## ACTIVITY
Using the records below, return exactly the lines from the one containing "Technik farmaceutyczny dwuletnie" through the last, and omit pictures.
Segment Start: DATA PROVIDED
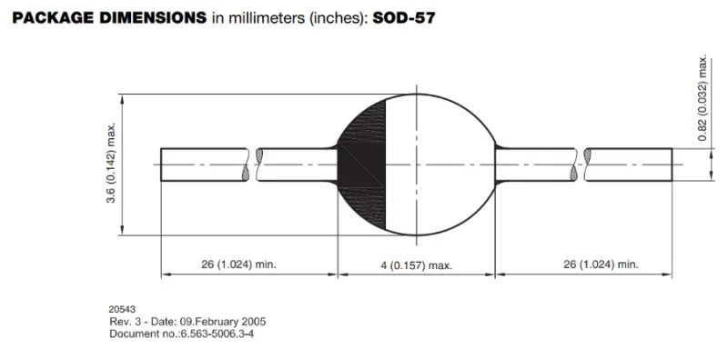 Vishay (2003, Dec 9). SOD-64 - Package Dimensions in mm (Inches). Retrieved 2024-11-29, from https://www.vishay.com/docs/84009/84009.pdf. ↩
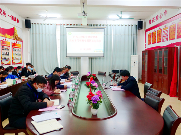 根據(jù)百色市紀(jì)委機(jī)關(guān)、組織部、黨史學(xué)習(xí)教育領(lǐng)導(dǎo)小組統(tǒng)一部署和百色市教育工委要求,2022年3月9日上午,我校在圖書館一樓黨員活動(dòng)室召開2021年度黨員領(lǐng)導(dǎo)干部黨史學(xué)習(xí)教育專題民主生活會(huì)。百色市委教育工委黨史學(xué)習(xí)教育指導(dǎo)組李飛勇同志蒞臨會(huì)議全程指導(dǎo)。學(xué)校黨委書記呂偉斌,黨委委員、董事長(zhǎng)李益,黨委副書記黃秋霞、紀(jì)委書記、副校長(zhǎng)彭高彬以及黨委領(lǐng)導(dǎo)班子其他成員參加會(huì)議,黨委辦公室、各黨支部書記及支委等列席會(huì)議。會(huì)議由黨委書記呂偉斌主持。
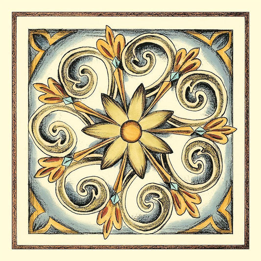 Crackled Cloisonne Tile I White Modern Wood Framed Art Print with Double Matting by Zarris, Chariklia
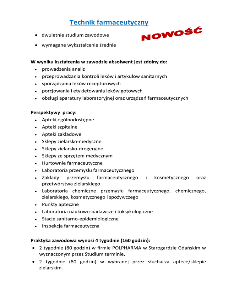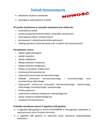 Technik farmaceutyczny dwuletnie studium zawodowe wymagane wykształcenie średnie W wyniku kształcenia w zawodzie absolwent jest zdolny do: prowadzenia analiz przeprowadzania kontroli leków i artykułów sanitarnych sporządzania leków recepturowych porcjowania i etykietowania leków gotowych obsługi aparatury laboratoryjnej oraz urządzeń farmaceutycznych Perspektywy pracy: Apteki ogólnodostępne Apteki szpitalne Apteki zakładowe Sklepy zielarsko-medyczne Sklepy zielarsko-drogeryjne Sklepy ze sprzętem medycznym Hurtownie farmaceutyczne Laboratoria przemysłu farmaceutycznego Zakłady przemysłu farmaceutycznego i kosmetycznego oraz przetwórstwa zielarskiego Laboratoria chemiczne przemysłu farmaceutycznego, chemicznego, zielarskiego, kosmetycznego i spożywczego Punkty apteczne Laboratoria naukowo-badawcze i toksykologiczne Stacje sanitarno-epidemiologiczne Inspekcja farmaceutyczna Praktyka zawodowa wynosi 4 tygodnie (160 godzin): 2 tygodnie (80 godzin) w firmie POLPHARMA w Starogardzie Gdańskim w wyznaczonym przez Studium terminie, 2 tygodnie (80 godzin) w wybranej przez słuchacza aptece/sklepie zielarskim.
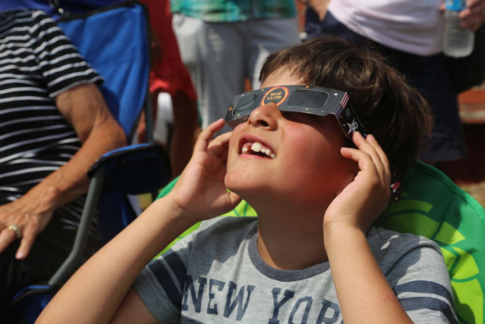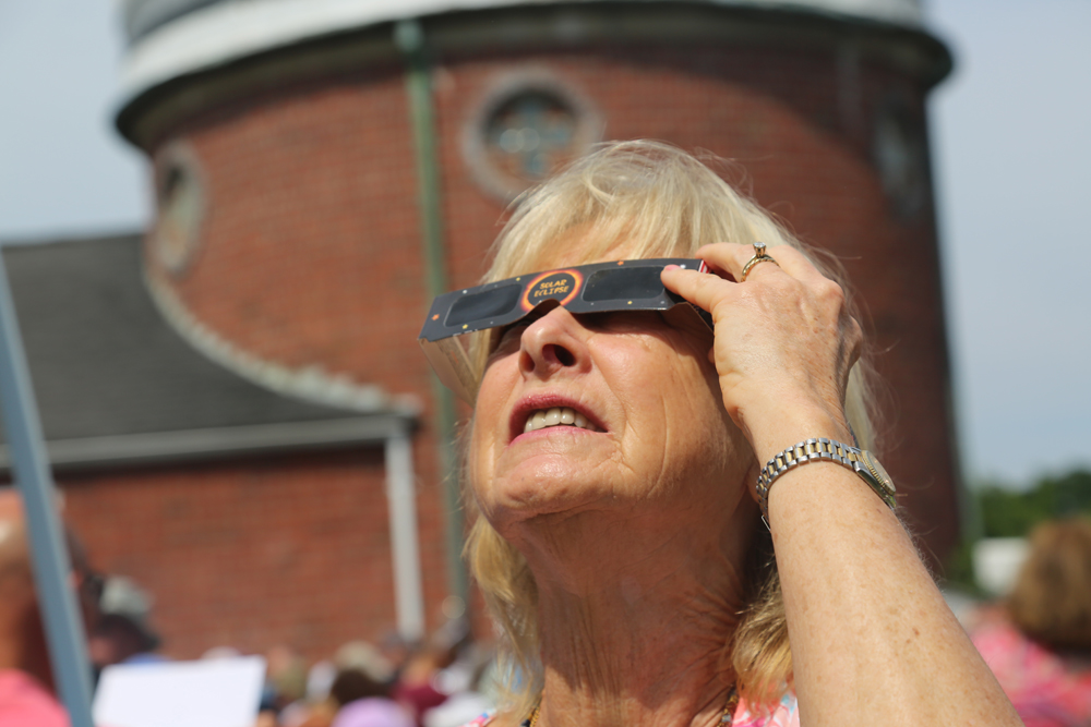 Photo caption: Vito Piché of Aquebogue glances up at the eclipse. (Credit: Kelly Zegers)
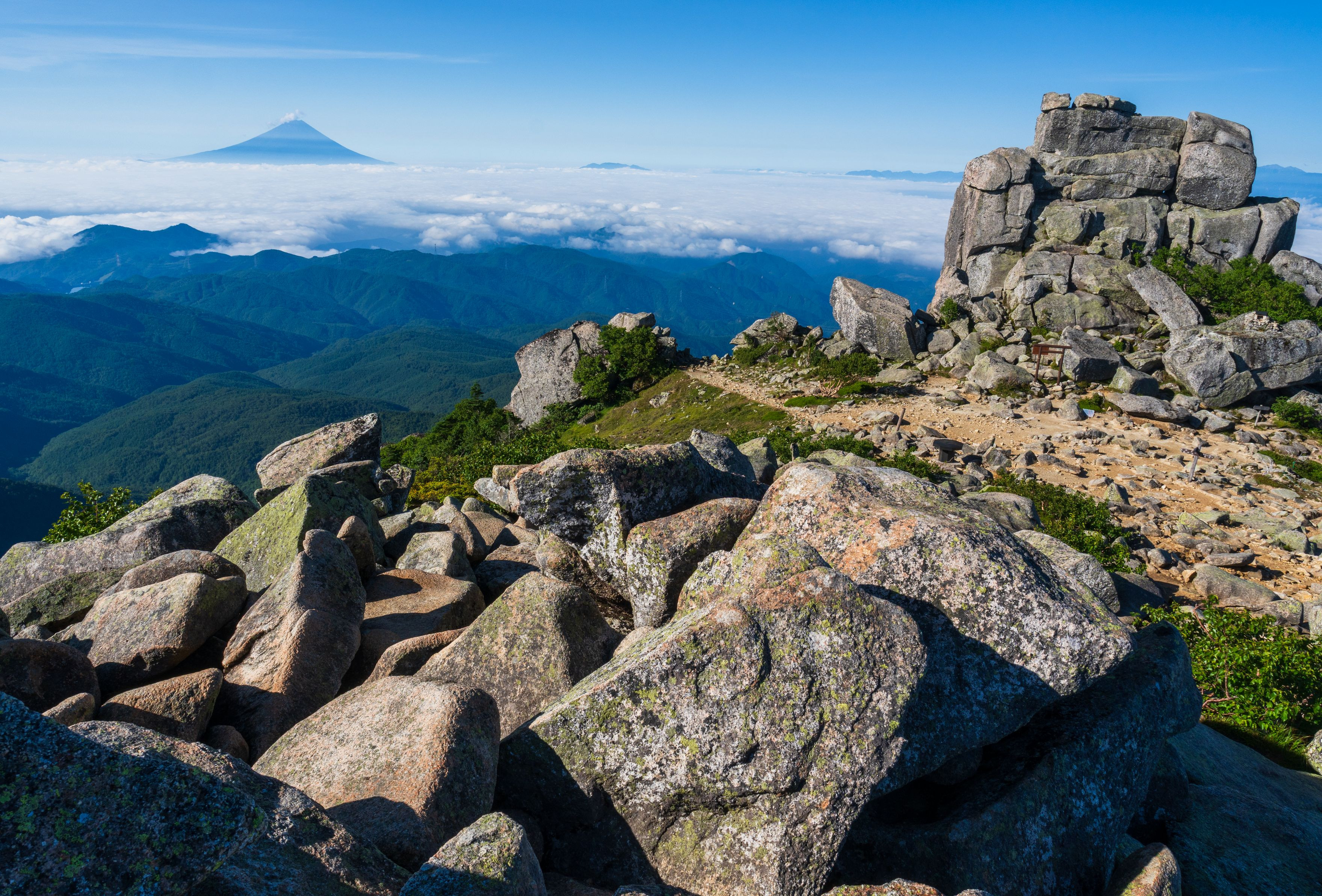 金峰山からの展望 雲海に浮かぶ富士山と金峰山の五丈岩
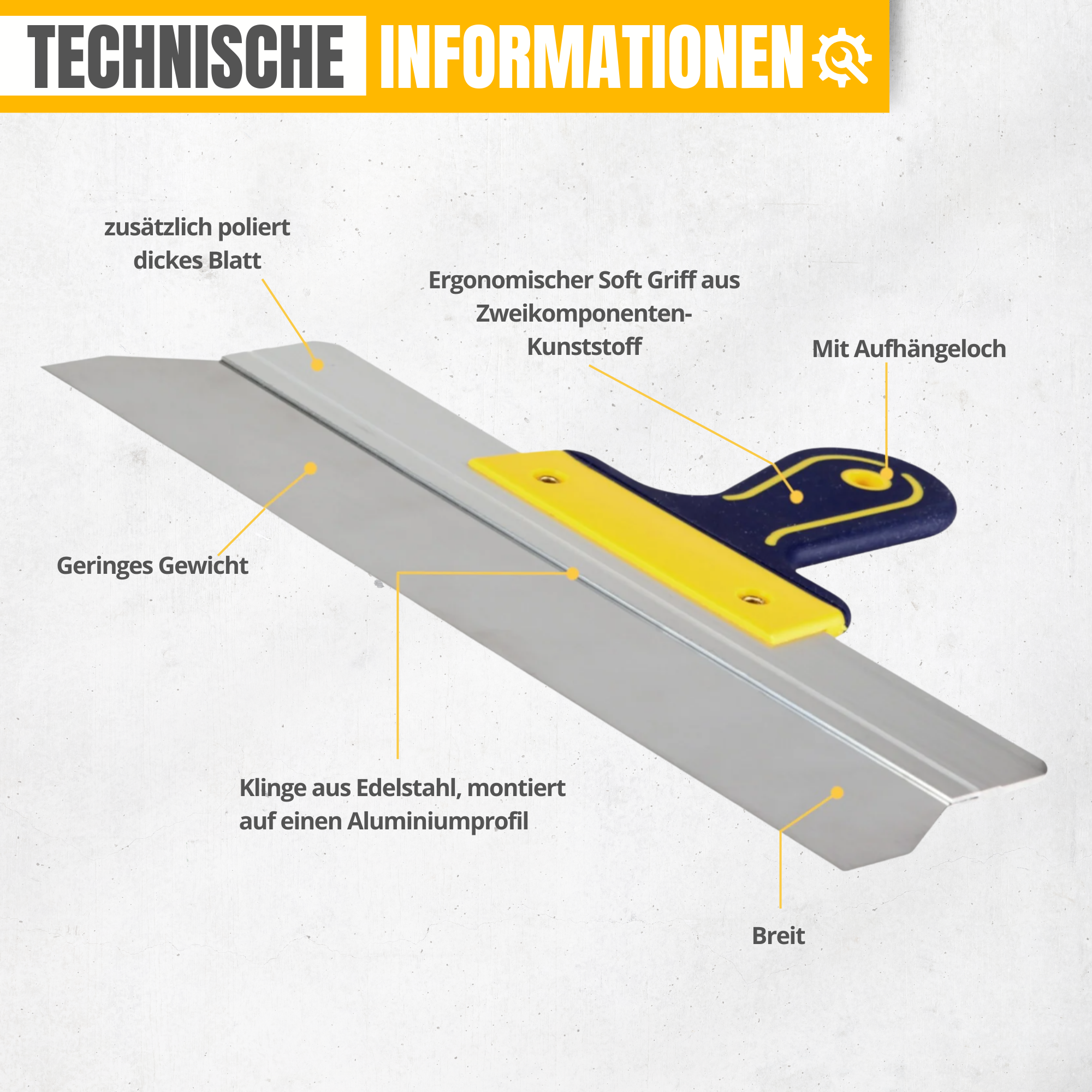 Flächenspachtel 400mm - Fassadenspachtel mit Edelstahlblatt und 2K Softgriff
Segment End: DATA PROVIDED
## REPLY
 Technik farmaceutyczny dwuletnie studium zawodowe wymagane wykształcenie średnie W wyniku kształcenia w zawodzie absolwent jest zdolny do: prowadzenia analiz przeprowadzania kontroli leków i artykułów sanitarnych sporządzania leków recepturowych porcjowania i etykietowania leków gotowych obsługi aparatury laboratoryjnej oraz urządzeń farmaceutycznych Perspektywy pracy: Apteki ogólnodostępne Apteki szpitalne Apteki zakładowe Sklepy zielarsko-medyczne Sklepy zielarsko-drogeryjne Sklepy ze sprzętem medycznym Hurtownie farmaceutyczne Laboratoria przemysłu farmaceutycznego Zakłady przemysłu farmaceutycznego i kosmetycznego oraz przetwórstwa zielarskiego Laboratoria chemiczne przemysłu farmaceutycznego, chemicznego, zielarskiego, kosmetycznego i spożywczego Punkty apteczne Laboratoria naukowo-badawcze i toksykologiczne Stacje sanitarno-epidemiologiczne Inspekcja farmaceutyczna Praktyka zawodowa wynosi 4 tygodnie (160 godzin): 2 tygodnie (80 godzin) w firmie POLPHARMA w Starogardzie Gdańskim w wyznaczonym przez Studium terminie, 2 tygodnie (80 godzin) w wybranej przez słuchacza aptece/sklepie zielarskim.
 Photo caption: Vito Piché of Aquebogue glances up at the eclipse. (Credit: Kelly Zegers)
 金峰山からの展望 雲海に浮かぶ富士山と金峰山の五丈岩
 Flächenspachtel 400mm - Fassadenspachtel mit Edelstahlblatt und 2K Softgriff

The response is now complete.